- Opening Delimiter -

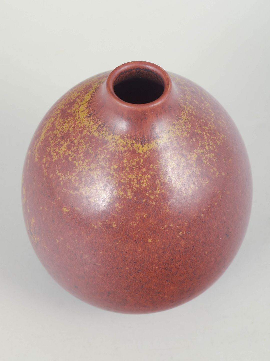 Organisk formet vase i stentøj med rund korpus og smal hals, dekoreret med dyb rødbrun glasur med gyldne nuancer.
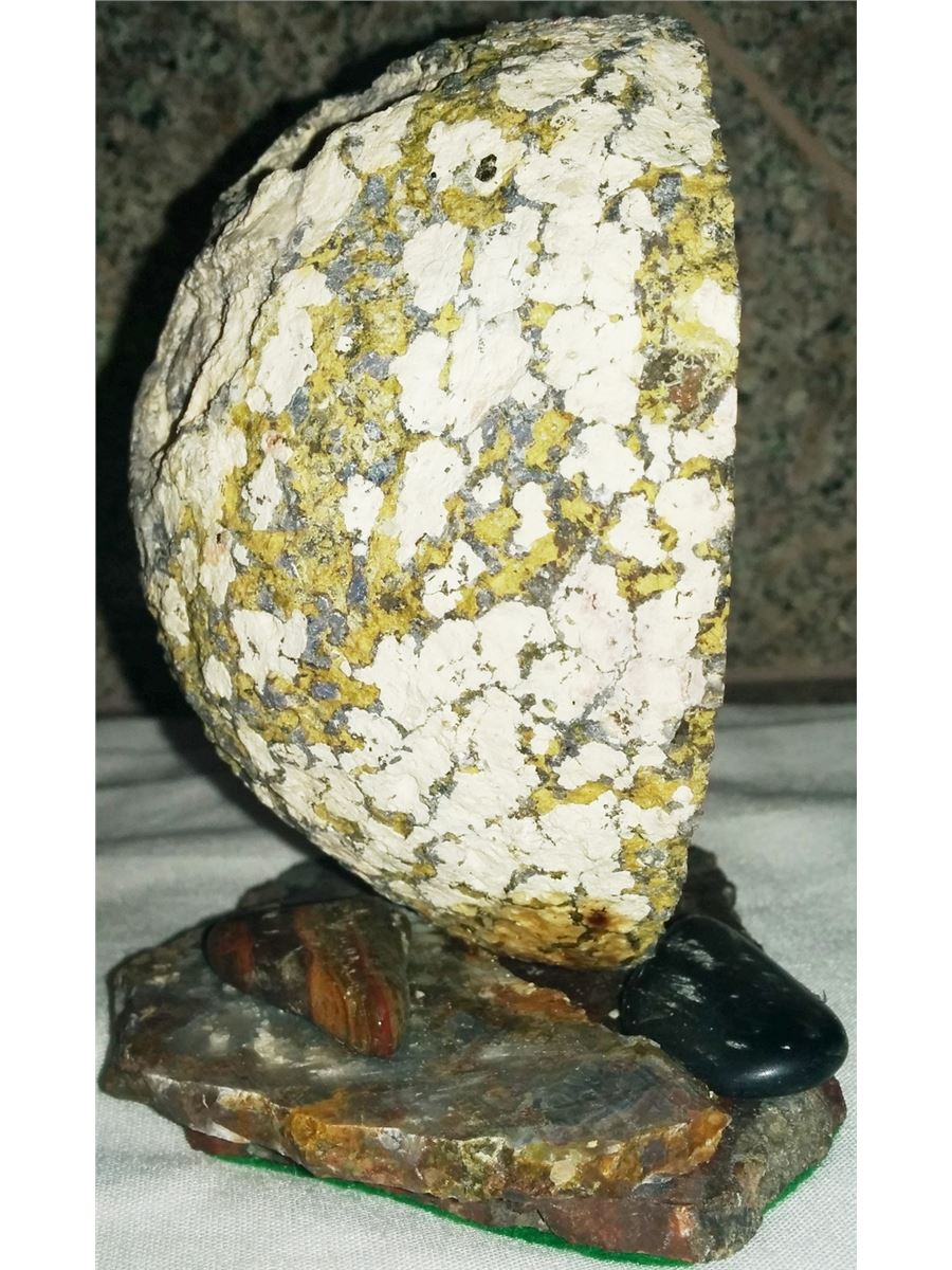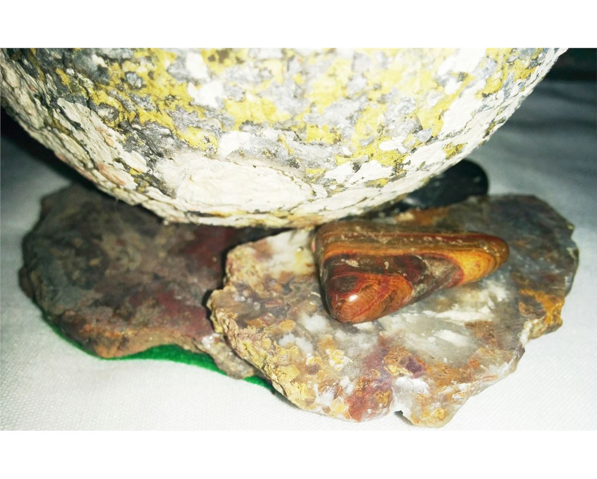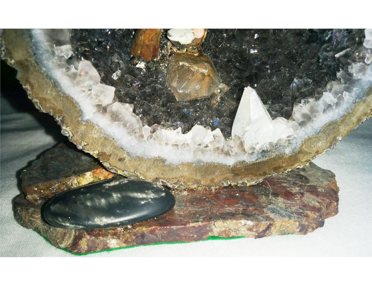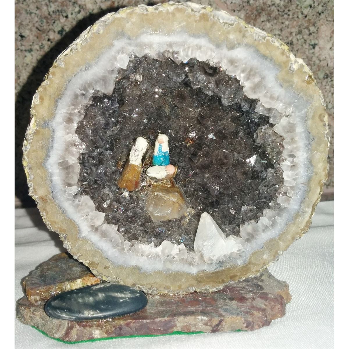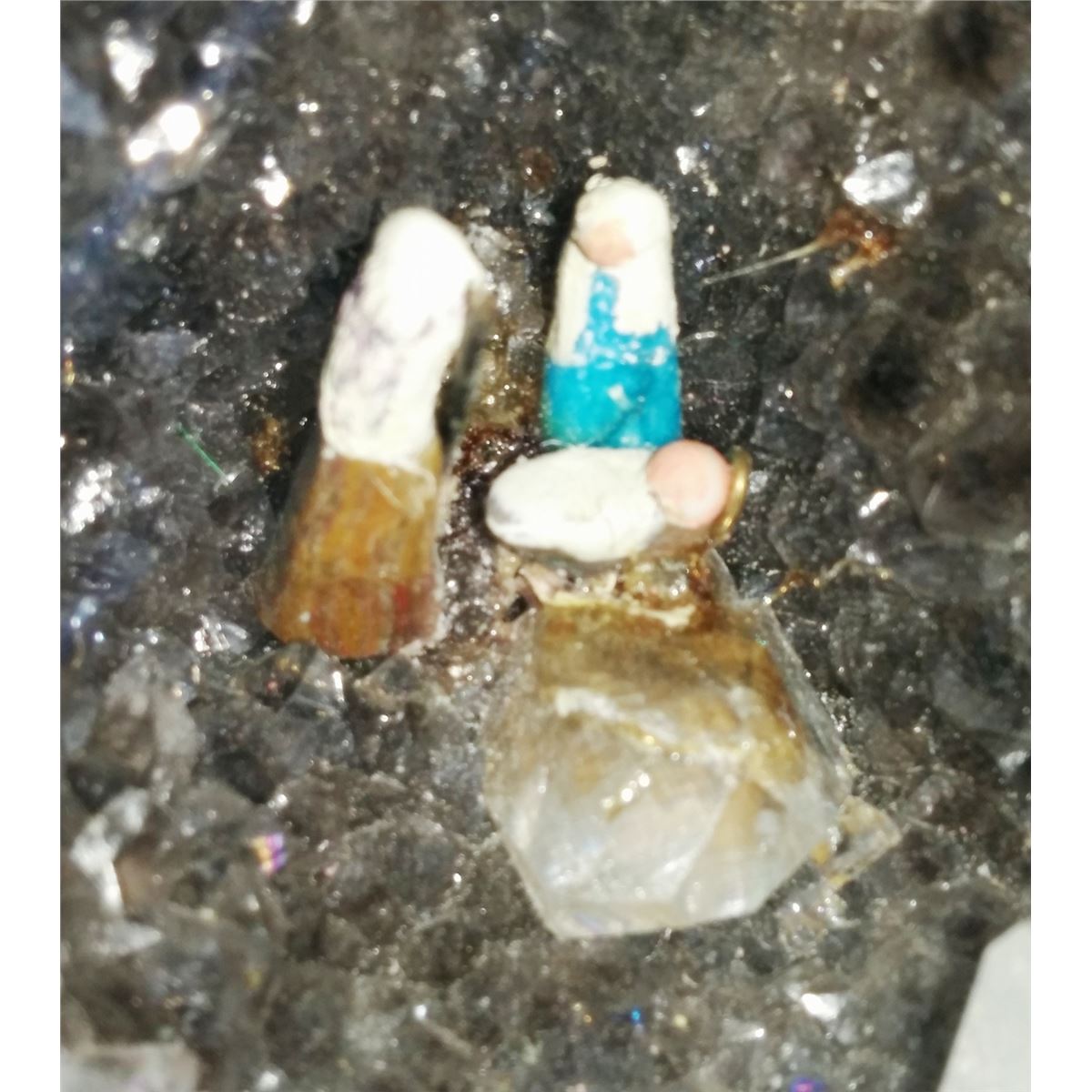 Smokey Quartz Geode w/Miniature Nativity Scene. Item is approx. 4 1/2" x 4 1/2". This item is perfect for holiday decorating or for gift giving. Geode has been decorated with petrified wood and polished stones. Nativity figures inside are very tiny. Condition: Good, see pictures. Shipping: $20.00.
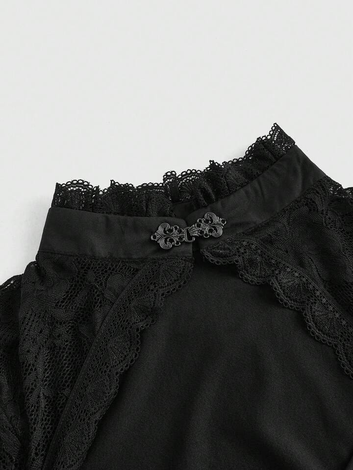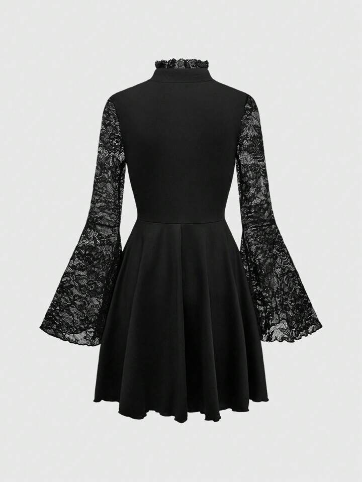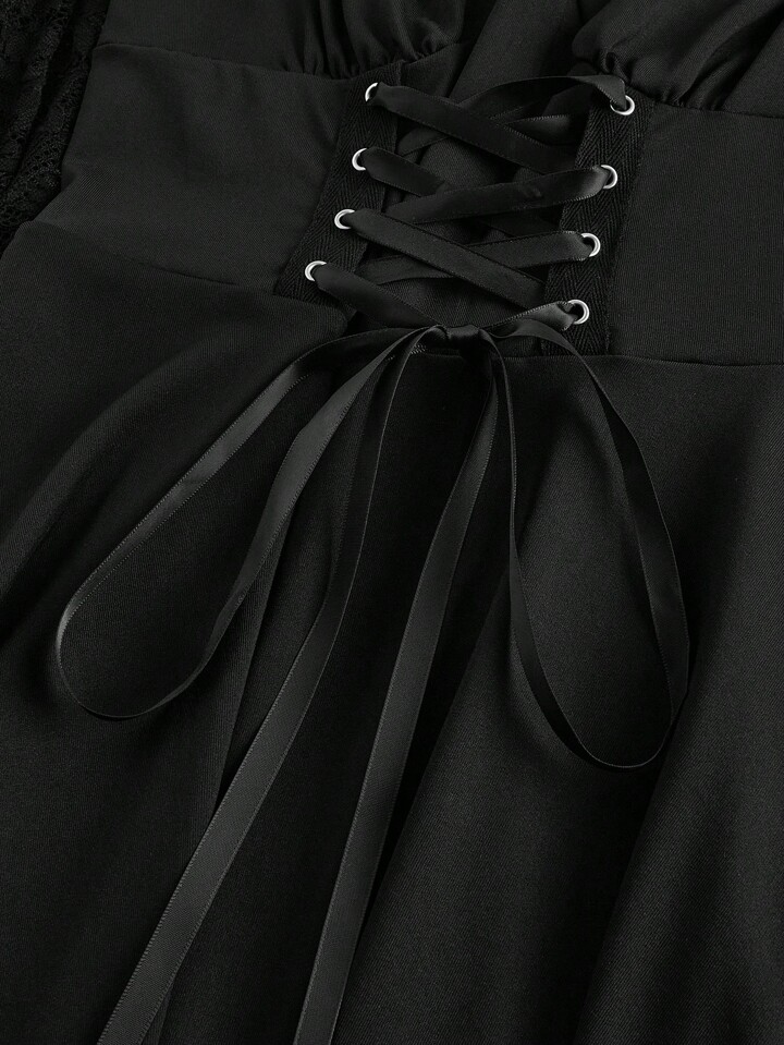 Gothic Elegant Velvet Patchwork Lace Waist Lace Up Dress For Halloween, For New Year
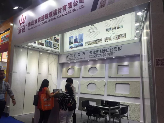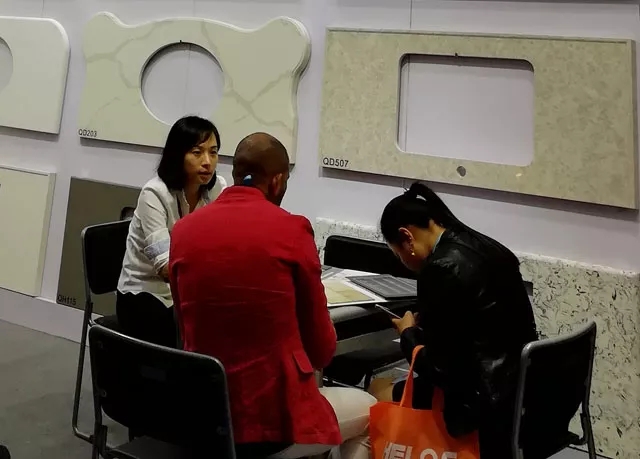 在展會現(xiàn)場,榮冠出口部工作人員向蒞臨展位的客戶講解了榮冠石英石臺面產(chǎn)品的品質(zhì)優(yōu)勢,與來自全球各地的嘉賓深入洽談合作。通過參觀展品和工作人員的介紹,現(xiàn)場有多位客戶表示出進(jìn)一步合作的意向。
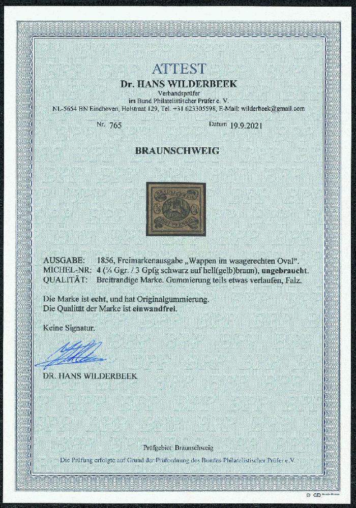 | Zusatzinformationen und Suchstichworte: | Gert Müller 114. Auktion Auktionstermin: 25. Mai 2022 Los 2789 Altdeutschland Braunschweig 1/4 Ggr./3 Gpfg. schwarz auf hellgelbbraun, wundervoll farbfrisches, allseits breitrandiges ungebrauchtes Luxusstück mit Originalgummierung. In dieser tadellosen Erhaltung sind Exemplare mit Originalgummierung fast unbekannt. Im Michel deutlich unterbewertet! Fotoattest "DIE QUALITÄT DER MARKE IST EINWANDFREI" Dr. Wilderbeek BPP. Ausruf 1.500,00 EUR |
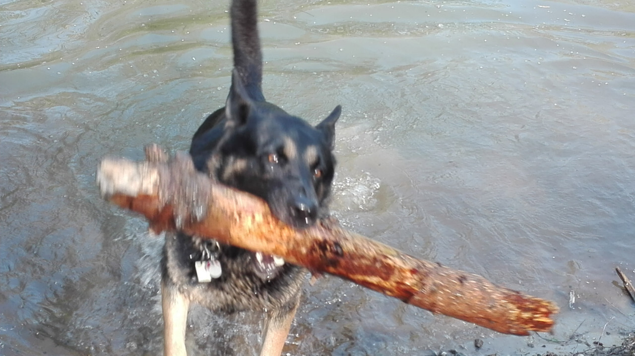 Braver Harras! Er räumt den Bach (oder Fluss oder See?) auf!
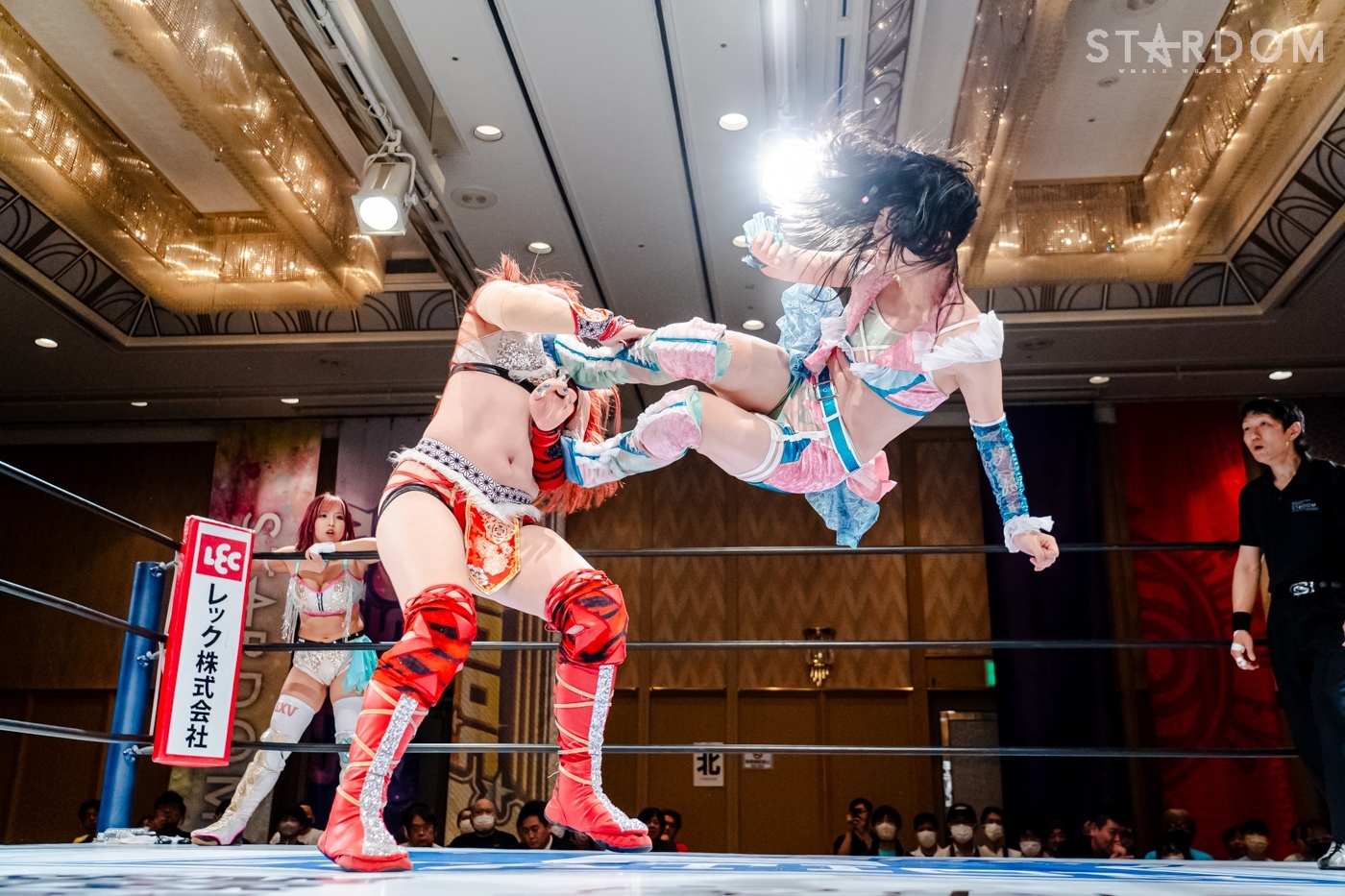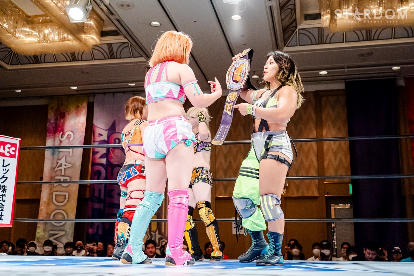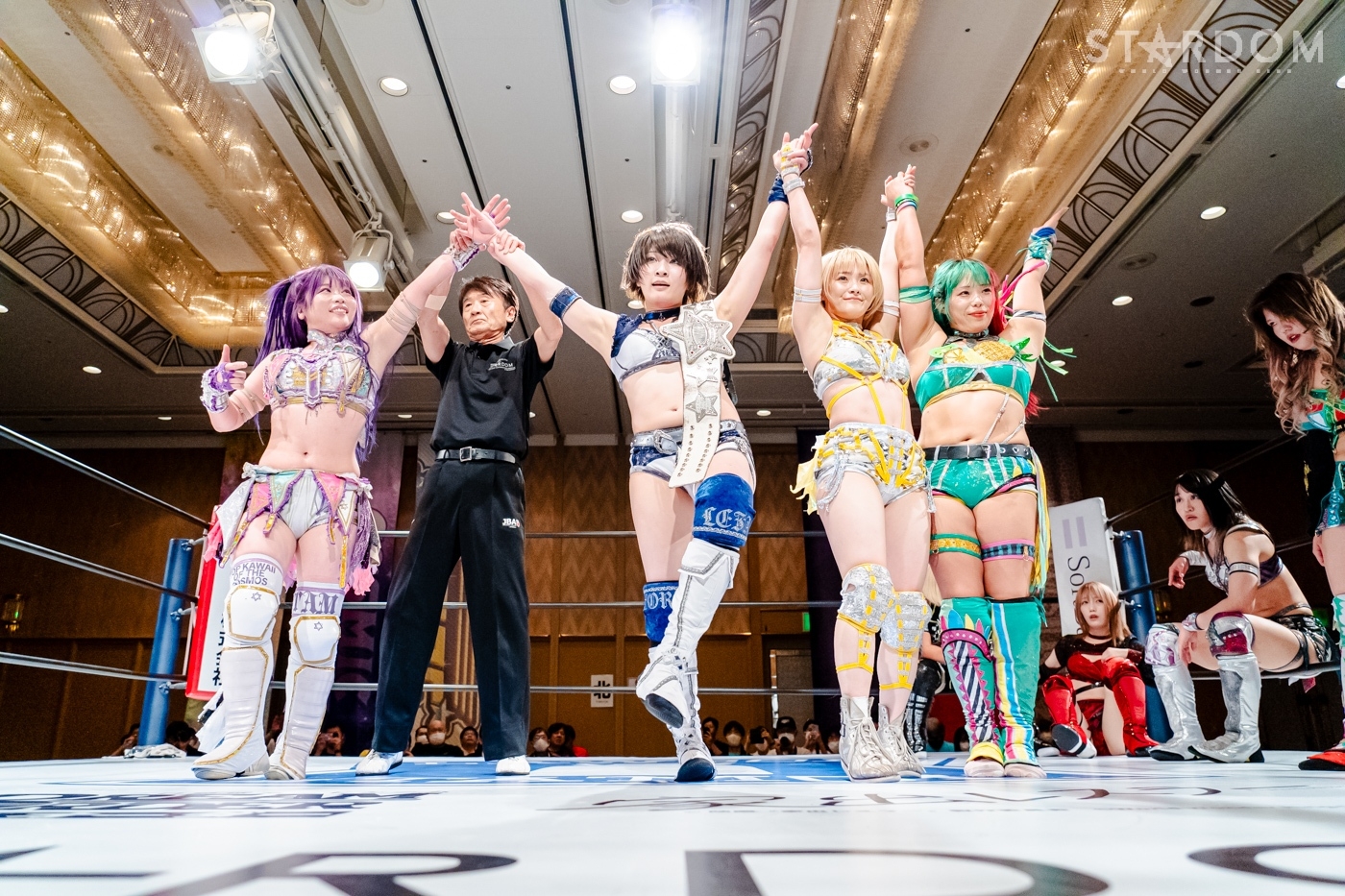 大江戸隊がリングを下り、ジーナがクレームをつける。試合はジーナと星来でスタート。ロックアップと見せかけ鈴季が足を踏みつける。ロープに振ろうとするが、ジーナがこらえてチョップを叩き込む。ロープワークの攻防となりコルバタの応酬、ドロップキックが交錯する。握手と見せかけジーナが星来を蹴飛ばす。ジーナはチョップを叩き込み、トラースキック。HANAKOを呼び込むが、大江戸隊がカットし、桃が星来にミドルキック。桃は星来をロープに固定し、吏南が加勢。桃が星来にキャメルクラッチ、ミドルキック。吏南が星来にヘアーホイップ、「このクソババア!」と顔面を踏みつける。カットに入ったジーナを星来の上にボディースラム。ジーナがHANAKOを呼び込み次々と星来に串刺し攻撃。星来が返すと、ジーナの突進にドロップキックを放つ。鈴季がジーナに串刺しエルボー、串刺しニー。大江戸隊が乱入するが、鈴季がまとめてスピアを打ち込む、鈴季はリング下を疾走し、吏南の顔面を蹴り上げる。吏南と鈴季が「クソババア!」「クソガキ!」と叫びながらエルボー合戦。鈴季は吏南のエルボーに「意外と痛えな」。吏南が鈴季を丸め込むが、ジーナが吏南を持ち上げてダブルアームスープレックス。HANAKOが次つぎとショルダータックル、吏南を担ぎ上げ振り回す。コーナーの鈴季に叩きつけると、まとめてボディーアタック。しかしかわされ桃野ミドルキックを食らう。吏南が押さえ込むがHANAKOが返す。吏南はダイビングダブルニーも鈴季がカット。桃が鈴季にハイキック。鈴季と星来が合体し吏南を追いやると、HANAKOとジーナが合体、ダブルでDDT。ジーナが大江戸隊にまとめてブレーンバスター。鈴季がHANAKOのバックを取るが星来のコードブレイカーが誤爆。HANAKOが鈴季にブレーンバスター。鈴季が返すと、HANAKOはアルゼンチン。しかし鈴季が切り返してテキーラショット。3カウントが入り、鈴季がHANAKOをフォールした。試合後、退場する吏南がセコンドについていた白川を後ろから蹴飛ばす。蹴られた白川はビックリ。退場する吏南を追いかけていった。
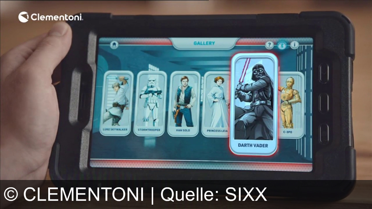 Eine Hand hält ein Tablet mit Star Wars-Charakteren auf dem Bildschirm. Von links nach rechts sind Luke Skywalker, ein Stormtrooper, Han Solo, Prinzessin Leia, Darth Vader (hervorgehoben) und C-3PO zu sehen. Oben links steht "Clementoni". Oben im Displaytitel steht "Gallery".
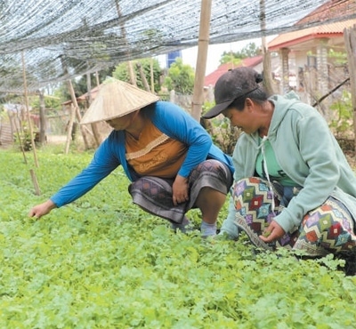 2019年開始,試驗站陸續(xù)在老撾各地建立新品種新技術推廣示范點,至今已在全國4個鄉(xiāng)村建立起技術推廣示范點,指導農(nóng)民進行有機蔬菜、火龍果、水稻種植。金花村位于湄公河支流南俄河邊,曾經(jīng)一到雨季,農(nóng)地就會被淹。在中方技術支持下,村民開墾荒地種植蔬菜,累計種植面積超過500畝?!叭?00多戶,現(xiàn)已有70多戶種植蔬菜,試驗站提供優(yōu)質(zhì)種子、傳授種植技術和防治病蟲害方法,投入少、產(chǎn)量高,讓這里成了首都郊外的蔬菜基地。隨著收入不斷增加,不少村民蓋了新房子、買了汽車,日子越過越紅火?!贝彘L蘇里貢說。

- Closing Delimiter -

_Exercise_:
Give again the stretch of the entries above that begins at the line with "Gothic Elegant Velvet" and ends at the line with "Braver Harras! Er", word for word, with no pictures.

_Response to this exercise_:
 Gothic Elegant Velvet Patchwork Lace Waist Lace Up Dress For Halloween, For New Year
 在展會現(xiàn)場,榮冠出口部工作人員向蒞臨展位的客戶講解了榮冠石英石臺面產(chǎn)品的品質(zhì)優(yōu)勢,與來自全球各地的嘉賓深入洽談合作。通過參觀展品和工作人員的介紹,現(xiàn)場有多位客戶表示出進(jìn)一步合作的意向。
 | Zusatzinformationen und Suchstichworte: | Gert Müller 114. Auktion Auktionstermin: 25. Mai 2022 Los 2789 Altdeutschland Braunschweig 1/4 Ggr./3 Gpfg. schwarz auf hellgelbbraun, wundervoll farbfrisches, allseits breitrandiges ungebrauchtes Luxusstück mit Originalgummierung. In dieser tadellosen Erhaltung sind Exemplare mit Originalgummierung fast unbekannt. Im Michel deutlich unterbewertet! Fotoattest "DIE QUALITÄT DER MARKE IST EINWANDFREI" Dr. Wilderbeek BPP. Ausruf 1.500,00 EUR |
 Braver Harras! Er räumt den Bach (oder Fluss oder See?) auf!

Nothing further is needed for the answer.